Some interesting bits via Can China Contain Bitcoin?:
- In 2016, most Bitcoin trades were in Chinese Renminbi
- China’s Central Bank Has Begun Cautiously Testing a Digital Currency – testing between the central bank and commercial banks.
- “A digital fiat currency—one backed by the central bank and with the same legal status as a banknote—would lower the cost of financial transactions, thereby helping to make financial services more widely available. This could be especially significant in China, where millions of people still lack access to conventional banks. A digital currency should also be cheaper to operate, and ought to reduce fraud and counterfeiting.”
- They want more oversight and traceability. This is good from a reducing corruption standpoint.
- “Yao writes that the currency would only use a distributed ledger in a limited way. A blockchain might not be used to process transactions, as this could prove an insurmountable bottleneck for a currency with such a huge transaction volume as the renminbi. But such a distributed ledger might be used to periodically check who owns what. “The ownership of digital currency can be verified directly by the issuing bank, so as to realize peer-to-peer cash transaction[s],” Yao writes.”
- Source – in Mandarin, but you can read it via Google Translate (Yao Qian: Digital Currency and Bank Accounts | Central Bank and Currency) – translated
- “I repeatedly heard that 90 percent of Chinese ICOs were scams. The whole model, in which you buy tokens to use on a platform that does not yet exist, might never exist, or could be a total flop, can be a magnet for fraudsters.”
- “It’s easy to understand why many Chinese people would be attracted to Bitcoin. In China’s heavily regulated financial environment, speculating on the currency represented one of the few investment options for the retail investor, Kapron observes. In 2013, the Shanghai stock exchange had been underperforming for years. Real estate prices were too high for many ordinary people, but you could buy a fraction of a bitcoin for as little as one dollar. By mid–2013, Chinese exchanges were moving more than $35 million in bitcoins each day.”
- On how to bypass capital controls: “Beijing was also worried about yuan leaving the country. China caps yuan outflow at $50,000 per person per year. While it’s not clear that large numbers of people were using Bitcoin to evade Chinese capital controls, the potential was there. People in China could buy bitcoins in yuan, sell them on an American exchange, and then withdraw the sum in dollars.”

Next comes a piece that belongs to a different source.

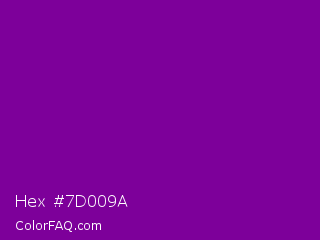 Hex #7d009a Color is a dark purple color and the nearest color is Dark Magenta #8b008b. Hex code #7d009a and RGB value is rgb(125,0,154). In RGB color space, this color is composed of 49% red, 0% green, 60% blue, In CMYK color space, this color is composed of 19% cyan, 100% magenta, 0% yellow , 40% black , In HSL color space, this color has a hue angle of 289° , 100% saturation and 30% lightness.

- When China banned financial services companies from dealing with Bitcoin exchanges in late 2013, the Chinese found a workaround: “Instead of paying exchanges directly from their bank accounts, they used cash to buy vouchers that could then be traded on the exchanges. Alternatively, purchasers could send money to the personal bank account of someone who worked at an exchange.”
- Blockchain development as part of China’s 13th 5 year plan
In late August Lu did an ICO to raise money for Bihu.com, a communications platform that uses blockchain technology. In ICOs, startups issue a new virtual token to the public, sometimes on the premise that the token will be necessary for use of the startup’s product. High demand for that product should, in theory, make these virtual tokens gain value. Bihu.com aimed to be like Twitter or Reddit, except that users could reward good content with “keys,” the platform’s own token.
Lu was thrilled by Bihu’s ICO. He says he raised over $20 million in a matter of hours. He believed there was no way that venture capital would deliver that kind of result. Then the following month China’s ICO ban came down, and Lu had to give all the money back.
The above is definitely interesting – Bihu seems a lot like Steemit.